EDISINEWS.ID | INDRAMAYU – Ada bukti semacam “jurisprudensi” bahwa Jaksa Penuntut Umum yang bijak akan merubah dakwaan yang mengancam terdakwa dengan hukum berat, karena sesuai fakta dalam persidangan. Ini bukti nyata yang dialami oleh Anak berinisial I bin Kap di Pengadilan Negeri Indramayu, Jawa Barat.
“Klien kami pada Jumat (20/12/2024) diminta tolong bapaknya untuk membeli jamu di Dayung, Jatibarang, Indramayu, Jawa Barat. Ia menunggu di tempat parkiran motor. Namun, tiba tiba ia melihat abangnya dibekap oleh seseorang sehingga refleks segera turun tangan membantu,” ungkap Suta Widhya SH, Rabu (15/1) siang sebagai kuasa hukum dari orang tua I bin Kap.
Suta lanjutkan kronologi, Kemudian terjadi pemukulan oleh I kepada lelaki yang dilanjutkan menghantam kepala sebelah kiri belakang dengan ember hitam yang ada tidak jauh dari mereka bergelut. Akibat hantaman tersebut sang abang bisa melarikan diri.
“Polisi teriak dua orang kawan dari lelaki si pembekap tersebut. Akibat terikan tersebut, si anak menghentikan aksinya. Terlihat darah segar membasahi wajah sang polisi. Dengan mudah segera saat itu juga sang anak dibekuk tanpa perlawanan,” terangnya.
Dalam persidangan Pertama di PN Indramayu, Senin (13/1) pun permohonan maaf pun dilontarkan kembali oleh si anak I bin Kap setelah mendengar dakwaan JPU yang mendakwa dengan Pasal 214 KUHP (ancaman maksimal hukuman 7 tahun penjara). Terlihat si Anak I menahan tangis mendengar dakwaan JPU Ali dengan diterapkan Pasal 214 KUHP yang berisi sanksi maksimal hukuman tujuh tahun.
Namun, berbeda jauh dakwaan dengan tuntutan yang diajukan oleh JPU. Pada Rabu (15/1)siang ternyata JPU hanya menuntut hukuman 120 jam dengan kewajiban 1,5 jam per hari untuk melakukan kerja sosial di Kantor Desa di wilayah tempat tinggal si anak.
Mengapa bisa begitu?

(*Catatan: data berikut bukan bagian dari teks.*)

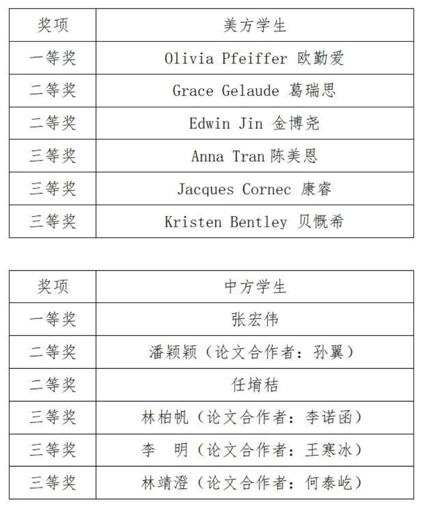 随后,专家评委给每位选手打分。色情动漫 国际货币研究所国内合作部主任崔甜甜代表会务组宣布了获得一、二、三等奖的中美双方选手的名单。美方学生中,欧勤爱获得一等奖,葛瑞斯、金博尧获得二等奖,陈美恩、康睿、贝慨希获得三等奖。中方同学中,张宏伟获得一等奖,潘颖颖(论文合作者:孙翼)、任堉秸获得二等奖,林柏帆(论文合作者:李诺函)、李明(论文合作者:王寒冰)、林靖澄(论文合作者:何泰屹)获得三等奖。向所有取得优异成绩的同学表示热烈祝贺!

Pertama, JPU menyadari bahwa _mens rea_ dari sang Anak terbukti tidak ada untuk melakukan kejahatan. Ia semata membela diri karena menyangka abangnya sedang diperlakukan tidak pantas oleh seseorang. Ia menduga ada tindak pidana kejahatan yang dialami oleh sang abang.
Suta salut atas apa yang dilakukan oleh JPU dengan tuntutannya. Tuntutan jauh beda dengan dakwaan yang semula berpotensi terancam hukuman maksimal tujuh tahun karena melawan petugas yang sedang berdinas. Lagi pula, saksi korban yang melaporkan ke polisi sudah memaafkan kesalahan dari si anak di depan Hakim tunggal.
Adakah jaksa bijak seperti di atas pada kasus-kasus yang dialami oleh terdakwa pengguna narkoba? Sulit menemukannya. Karena karena jaksa penuntut umum sebagaimana figur JPU Ali benar-benar mempertunjukkan sebagai pemangku “DOMINUS LITIS” benar benar mengendalikan perkara secara obyektif, hingga berbalik 180 derajat dari Dakwaan dengan tuntutan yang lebih bersifat mendidik terhadap terdakwa anak.
Untuk JPU yang menangani perkara pecandu narkoba atau penyalahguna narkoba, mulailah mencontoh JPU Ali Usman SH dari Kejaksaan Negeri Indramayu, Jawa Barat.